-------- DATASET EXCERPTS --------
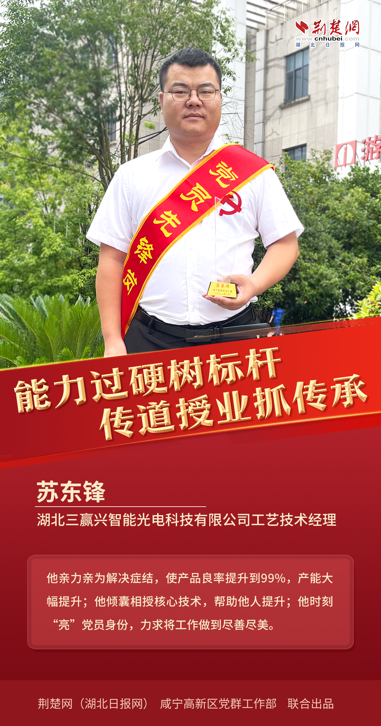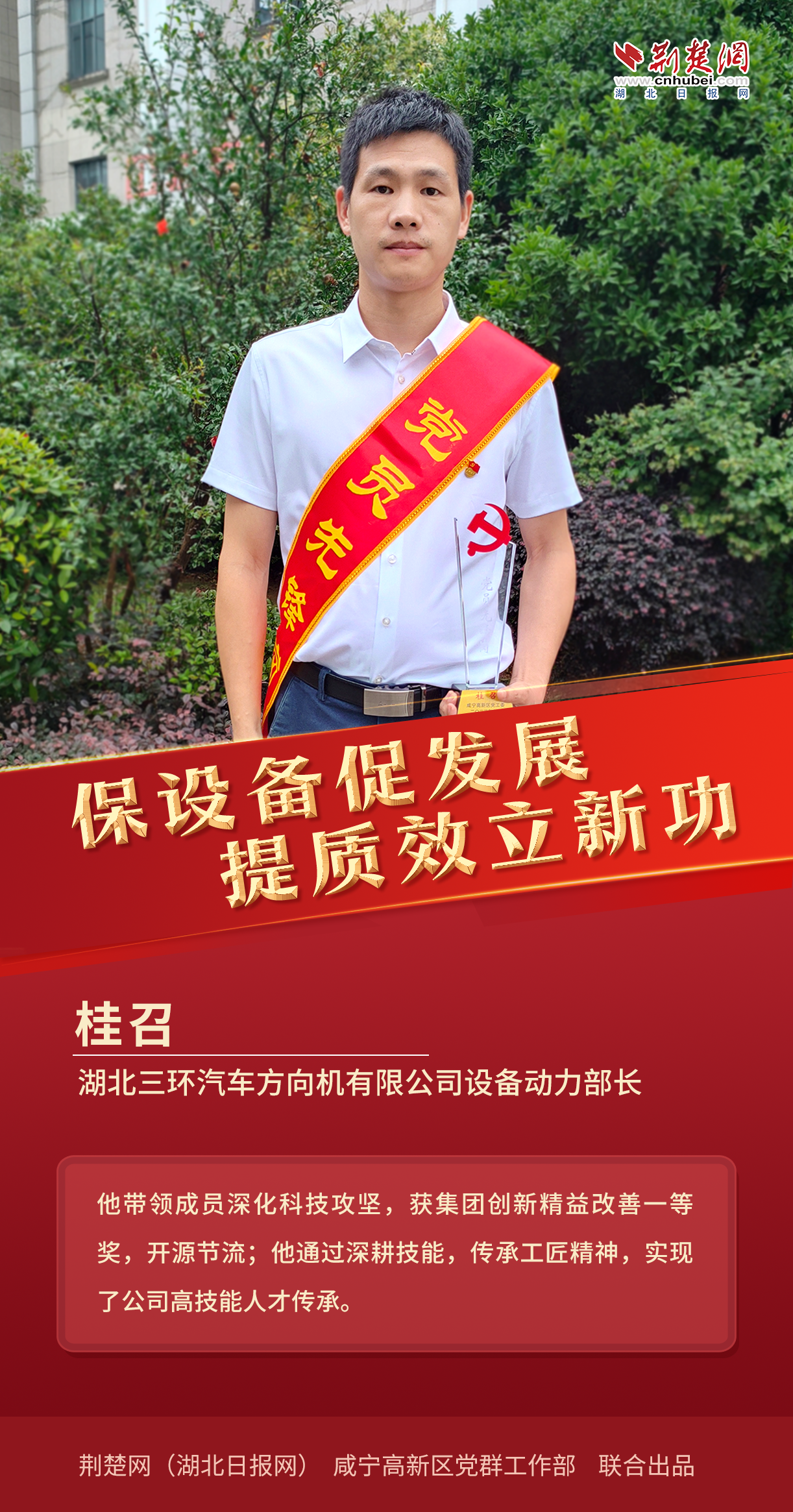 7月13日,記者從咸寧高新區(qū)獲悉,為激勵全區(qū)各級黨組織和廣大黨員學(xué)習(xí)典型、爭當(dāng)先進(jìn),奮發(fā)有為、建功立業(yè),高新區(qū)黨工委研究決定,授予桂召等10名同志“黨員先鋒崗”榮譽(yù)稱號,并要求全區(qū)上下以一往無前的昂揚(yáng)姿態(tài),在打造武漢都市圈自然生態(tài)公園城市,推動高新區(qū)高質(zhì)量發(fā)展中展現(xiàn)新作為、作出新貢獻(xiàn)。
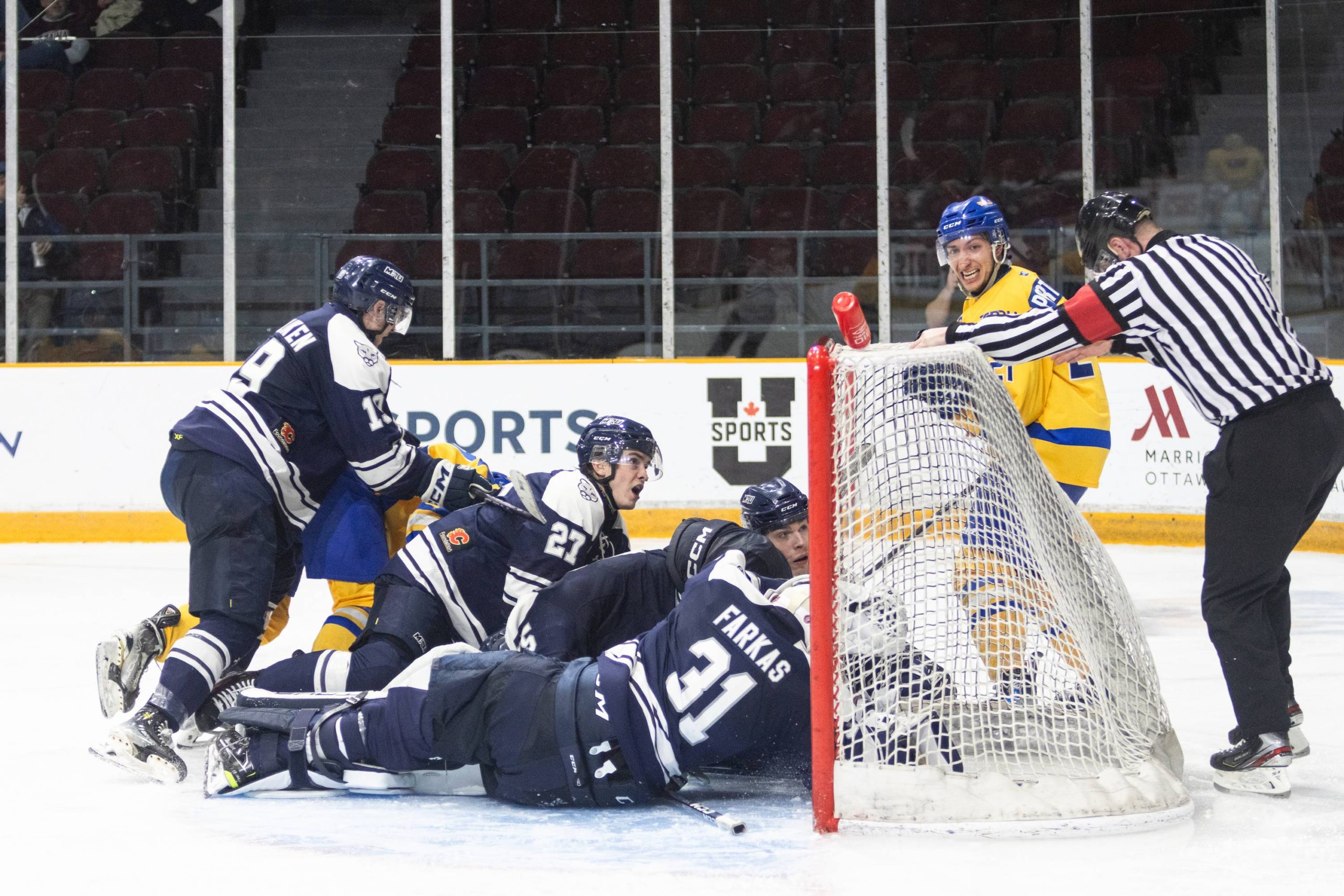 TMU pulled one back in the final minute of the second period. Third-year forward Connor Bowie set up fourth-year forward Kevin Gursoy with a drop pass in the red circle, where Gursoy unleashed a thunderous slapshot past Farkas, cutting the deficit to 3-2.
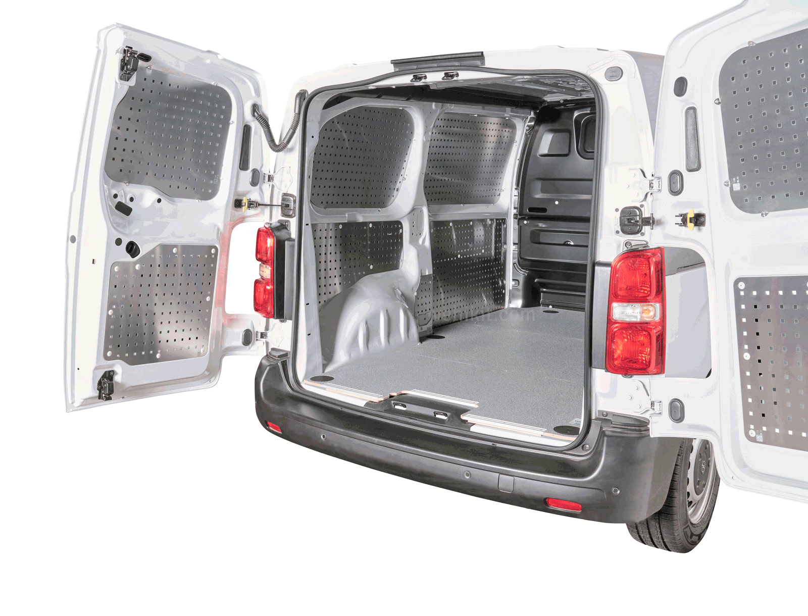 Ce kit comprend tous les panneaux pour les parois latérales, la ou les portes coulissantes et la ou les portes arrière de votre véhicule utilitaire. Le cas échéant, les panneaux supérieurs au-dessus des portes sont également inclus. Le matériel de fixation et une notice de montage sont fournis, afin que vous puissiez commencer immédiatement l’installation.
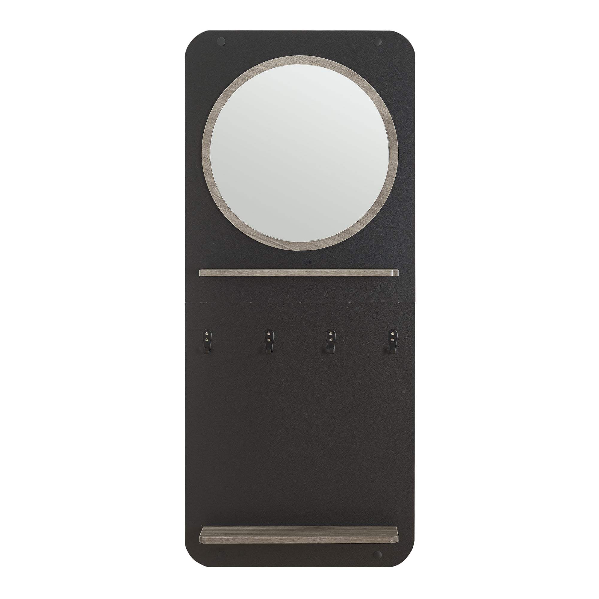 Un espejo integrado completa el diseño y permite un último vistazo a su atuendo antes de salir de casa. El espejo es redondo y armoniza perfectamente con el resto de los elementos del guardarropa.
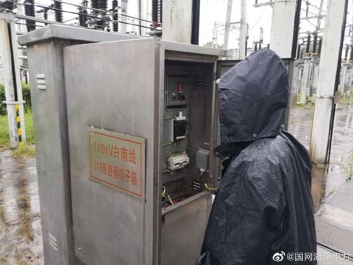 6月10日16時,株洲地區(qū)突降暴雨,國網(wǎng)株洲供電公司變電運維四班汪鶯、覃仕樾迅速趕到220kV白馬垅變電站進行防汛特巡,重點對變電站電纜溝、排水通道、室外端子箱進行全面檢查,確保變電設備安全可靠運行。
--------
THE TASK >> May I have only the lines from the start of the data through the line containing "TMU pulled one", both included, reproduced exactly and without the pictures?

ANSWER BELOW >>
 7月13日,記者從咸寧高新區(qū)獲悉,為激勵全區(qū)各級黨組織和廣大黨員學(xué)習(xí)典型、爭當(dāng)先進(jìn),奮發(fā)有為、建功立業(yè),高新區(qū)黨工委研究決定,授予桂召等10名同志“黨員先鋒崗”榮譽(yù)稱號,并要求全區(qū)上下以一往無前的昂揚(yáng)姿態(tài),在打造武漢都市圈自然生態(tài)公園城市,推動高新區(qū)高質(zhì)量發(fā)展中展現(xiàn)新作為、作出新貢獻(xiàn)。
 TMU pulled one back in the final minute of the second period. Third-year forward Connor Bowie set up fourth-year forward Kevin Gursoy with a drop pass in the red circle, where Gursoy unleashed a thunderous slapshot past Farkas, cutting the deficit to 3-2.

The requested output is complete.